Callicoon Center farmer and Farm Network co-founder Sonja Hedlund, however, pointed out that the $1.6 million slaughterhouse may not be operative until 2012.
“How about working on some grant programs for farmers now?” she queried, offering her services as an experienced grantwriter.
IDA CEO Allan Scott said ag-oriented programs have been and continue to be developed, including a $500,000 agribusiness loan fund and a Baez Associates-created guide to capturing all kinds of available funding for agriculture.
“We get criticized in many cases,” Scott lamented, “but we have attempted to help. ... Agriculture is one of the targeted industries of the IDA.”
He promised to contact another area farmer, Dan Young, who is developing an idea for what Gieger described as a “Ben & Jerry’s-type creamery” in the county.
“We will throw everything we can to assist in that effort,” he stated.
Based on an idea proffered by Gieger and Hedlund, Scott also urged the board to discuss using payments from the Millennium Pipeline to aid ag efforts – payments that amount to $100,000 a year and were just freed up after an upstate county settled litigation with Millennium.
That discussion may take place as early as the next IDA Board meeting, currently scheduled for Tuesday, January 11 at 10 a.m. Open to the public, the meetings are held inside the Government Center in Monticello.
Distillery gets extension
Elsewhere during Tuesday’s meeting, the board unanimously approved extending the Catskill Distilling Company’s sales tax abatement for another year.
Located next to the Dancing Cat Saloon in Bethel, the distillery is getting ready to open.
Co-owner Stacy Cohen wrote to the board that she still has to buy a walk-in freezer, build decks and patios, construct a kitchen, install outside lighting and complete the interior.

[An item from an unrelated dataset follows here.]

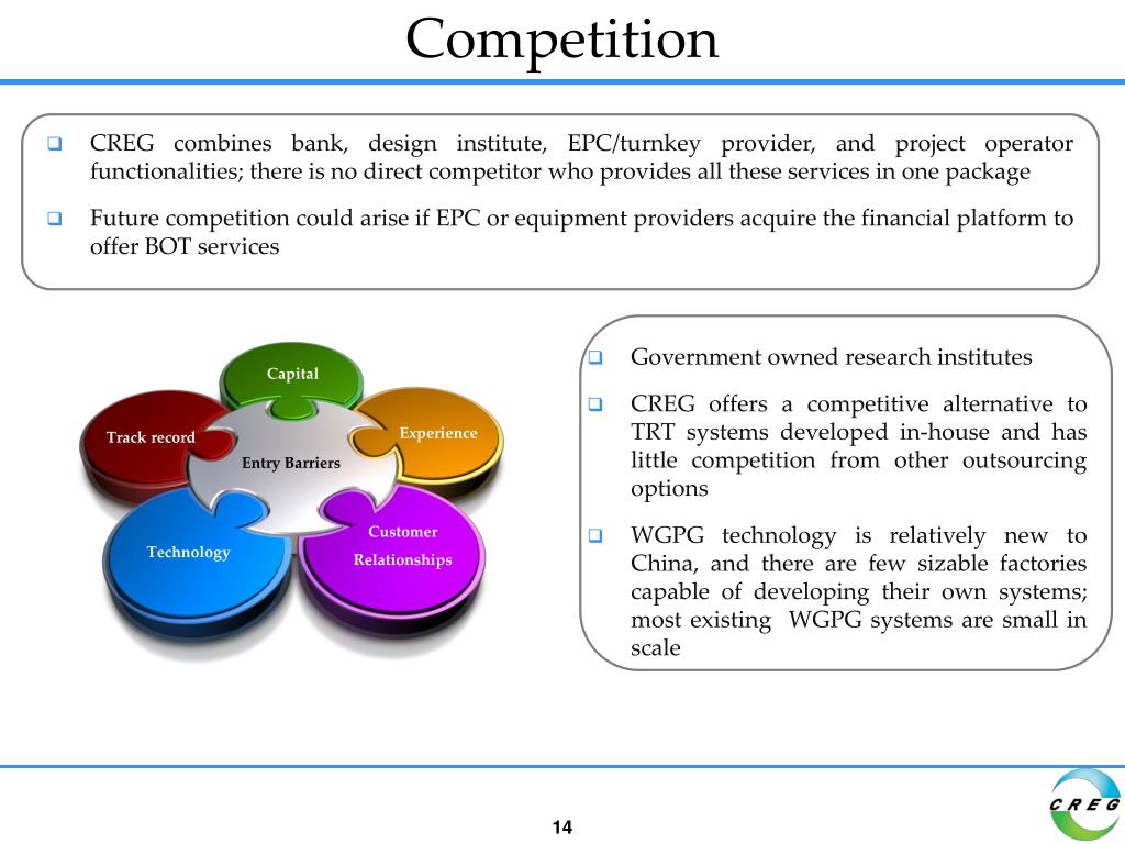 Capital Experience Track record Entry Barriers Customer Relationships Technology Competition • CREG combines bank, design institute, EPC/turnkey provider, and project operator functionalities; there is no direct competitor who provides all these services in one package • Future competition could arise if EPC or equipment providers acquire the financial platform to offer BOT services • Government owned research institutes • CREG offers a competitive alternative to TRT systems developed in-house and has little competition from other outsourcing options • WGPG technology is relatively new to China, and there are few sizable factories capable of developing their own systems; most existing WGPG systems are small in scale
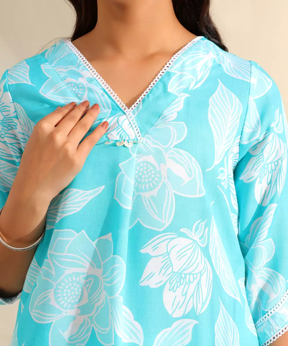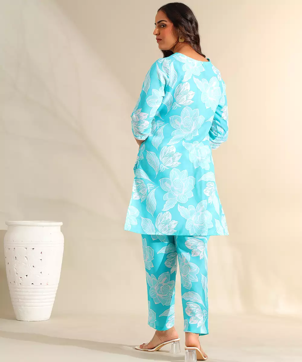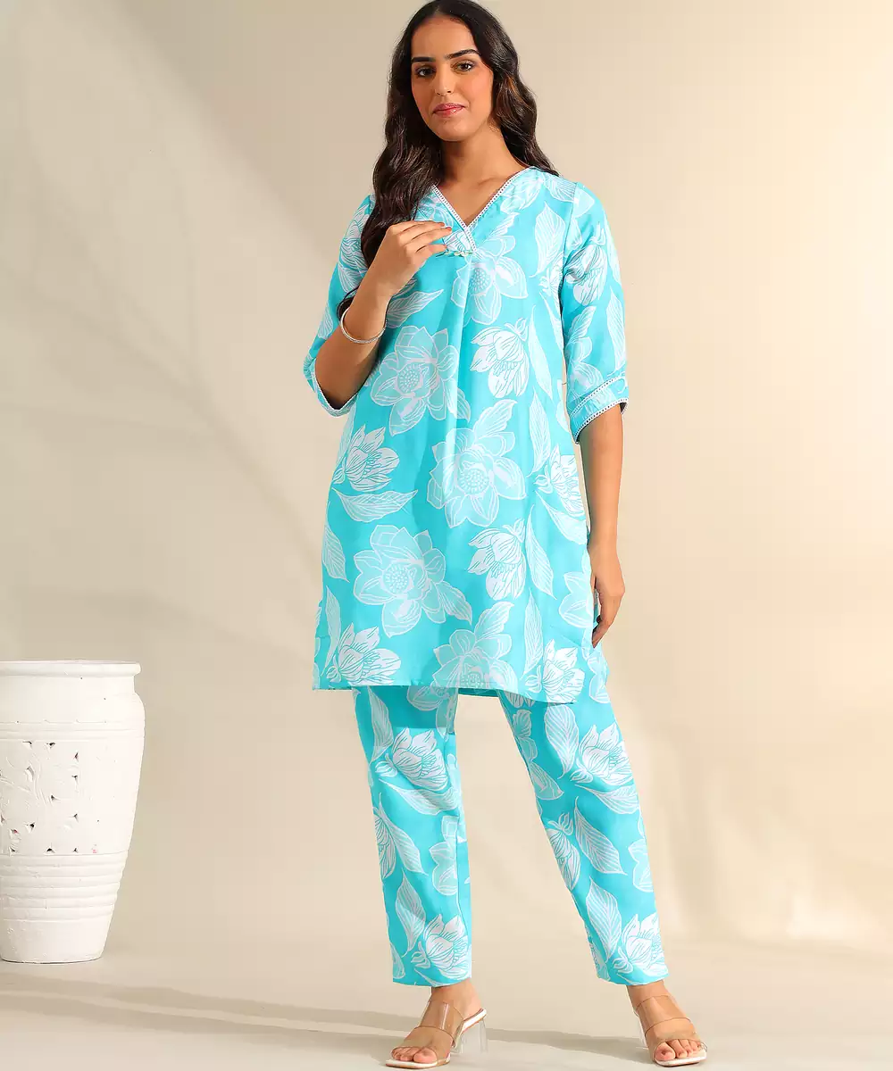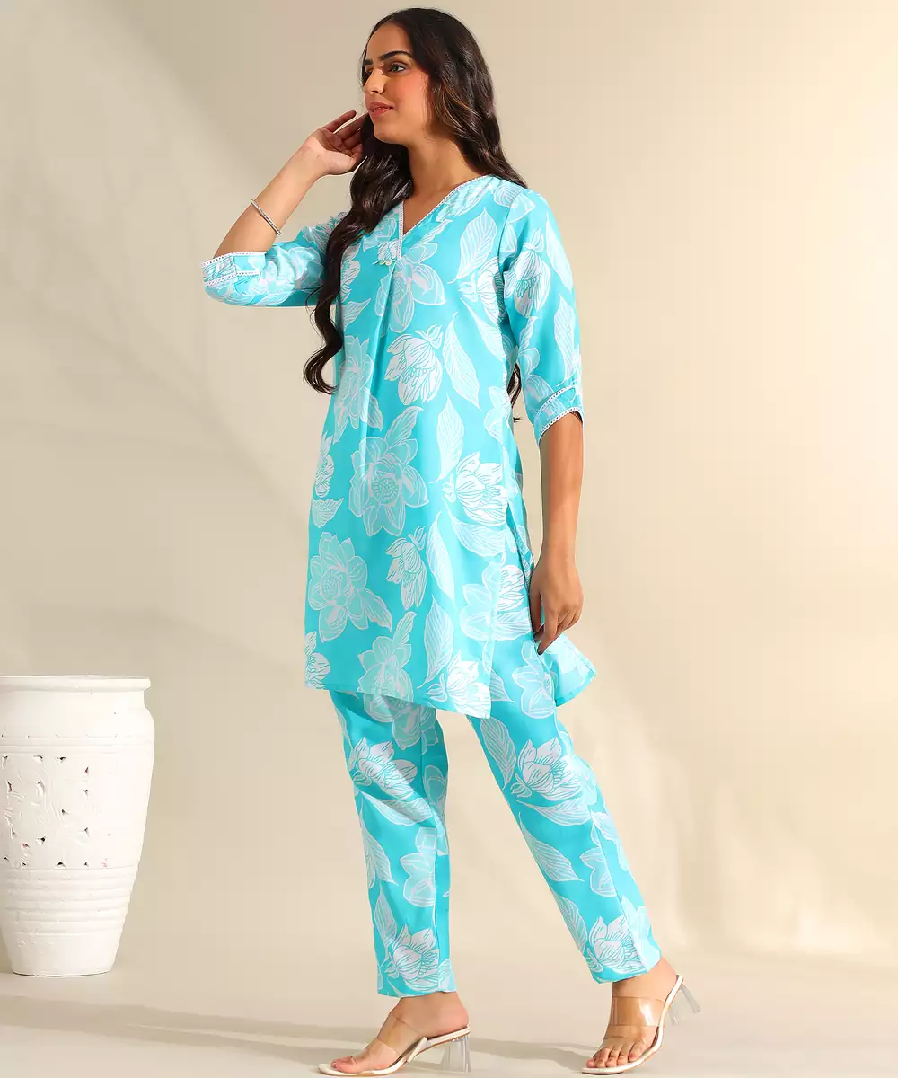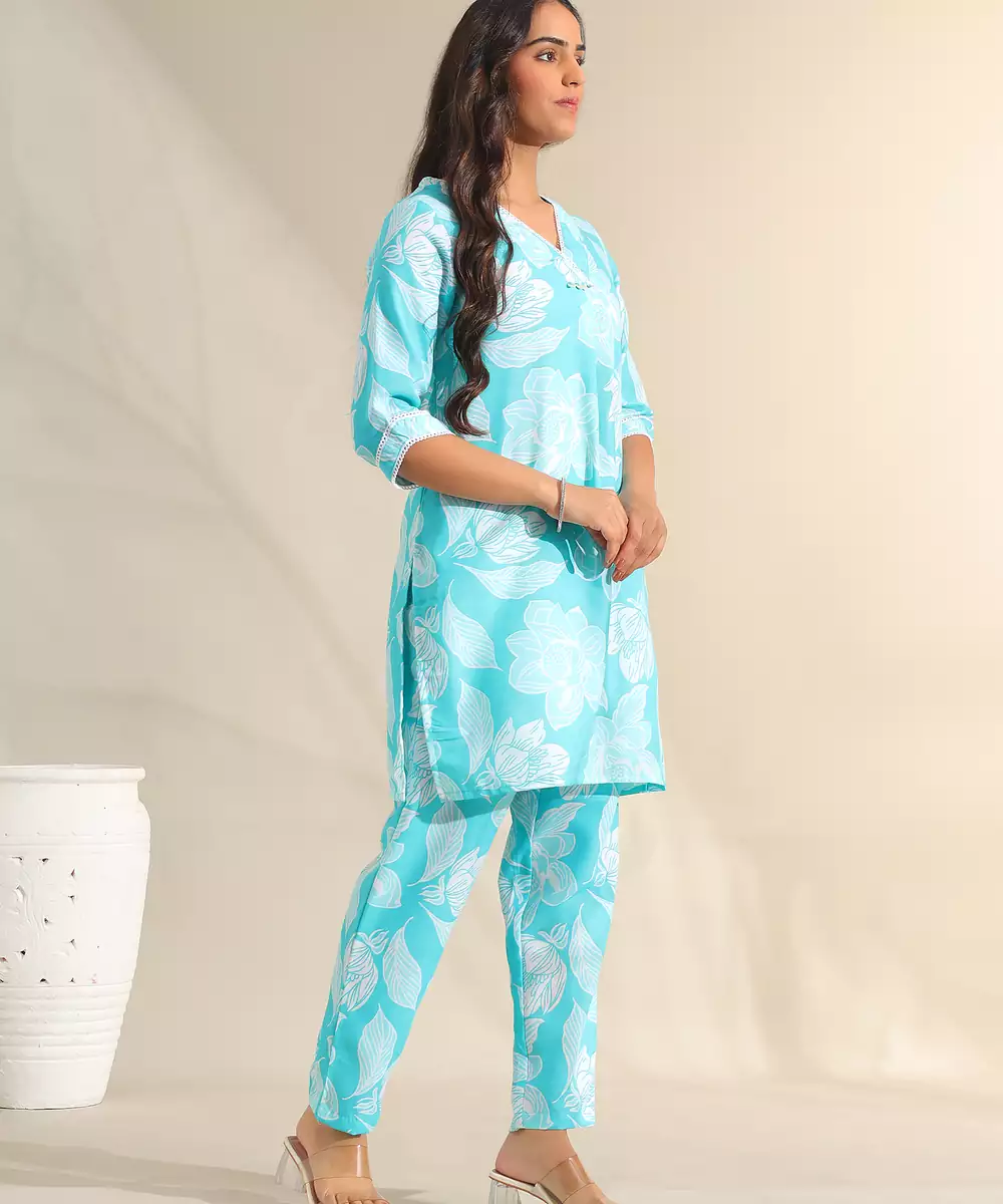 Brighten Your Seasonal Wardrobe With The Ojasvi Set, Featuring A Refreshing Aqua And White Botanical Silhouette Usp. This Contemporary Kurta Set Is Rendered In A Vibrant Turquoise Hue, Decorated With Large Scale White Floral Blooms And Leaf Outlines That Create A High Contrast, Energetic Look. The Kurta Is Designed With A Refined White Lace Trimmed V Neckline Featuring Pearl Style Button Accents And A Central Pleat, Offering A Feminine And Polished Silhouette. Paired With Matching Printed Trousers, This Coordinated Ensemble Provides A Cohesive, Fashion Forward Look That Is Perfect For Daytime Celebrations.

These efforts feature purchases that are all eligible for sales tax abatements, per the agreement between the distillery and the IDA (which actually owns the distilling equipment and is leasing it to the company).
Upon questioning by Hedlund of the wisdom of handing out tax breaks during a period of economic hardship throughout the county, IDA Board member Ed Sykes pointed out that these abatements are not an addition to the project but are part of the original agreement.
And the saloon, added board member Charlie Barbuti, is owned by the same company and is collecting and paying sales taxes now.